EP2335225B1 - Automatic diameter determination of coins - Google Patents

Description

The invention relates to a device for detecting coins and coin-like conveyed by means of at least one light source for divergent light beam and at least one light detector, and a conveyor for horizontal transport of the separated conveyed material, wherein the conveyor in a detection area between the at least one light source and the at least one light detector According to the preamble of claim 1, the invention further relates to a method for detecting coins and coin-like conveyed goods, according to the preamble of claim 10, and at least one light detector has a line-shaped detection area parallel to the conveying direction.

Such a device is about from the US Pat. No. 6,142,285 known as the closest prior art.

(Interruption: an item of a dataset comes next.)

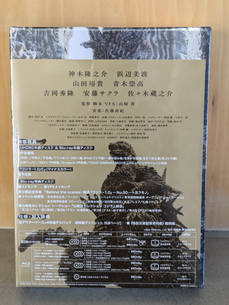 Godzilla Minus One Deluxe Edition 4K Ultra HD+3 Blu-ray+2 Booklet+Case Japan New Description About This Items Language : Japanese Text : Japanese Disc : 4 (Blu-ray) Condition Brand New / Factory Sealed Included Items 4K Ultra HD Blu-ray × 1 Blu-ray × 3 Special booklet Outer case Special disaster countermeasure materials Reduced edition Shipping We always send the item with a tracking number. So please place an order without any concern on delivery. You can always track the delivery status. Shipping is only available to the address registered in eBay. If you want us to send another address, please change your address on eBay and then place an order. Shipping is available from Monday to Friday. Weekends are not available because freight (shipping) companies are closed. We do not mark merchandise values below value or mark items as “gifts” – Japan, US and International government regulations prohibit such behavior. About Importer's Obligation Import duties, taxes, and charges are not included in the item price or shipping cost. These charges are the buyer's responsibility. Please check with your country's customs office to determine what these additional costs will be prior to bidding or buying. Thank you for your understanding.

Generic device for coin recognition are usually based on the use of laser light, since the linear, so parallel propagation of the laser light allows accurate scanning of the conveyed, and thus a simple measurement allowed. In this case, the conveyed material is moved through one or more laser beams, and obtained from the interruption of the laser beam through the conveyed information that allows identification of the corresponding conveyed. However, the use of laser light in practice also has disadvantages, since the accuracy of the spot-precise measurement is reduced by briefly disturbing influences, such as movements of the conveyed material, or interruptions or impairments of the light beam. Thus, devices based on laser light also prove to be sensitive to dirt.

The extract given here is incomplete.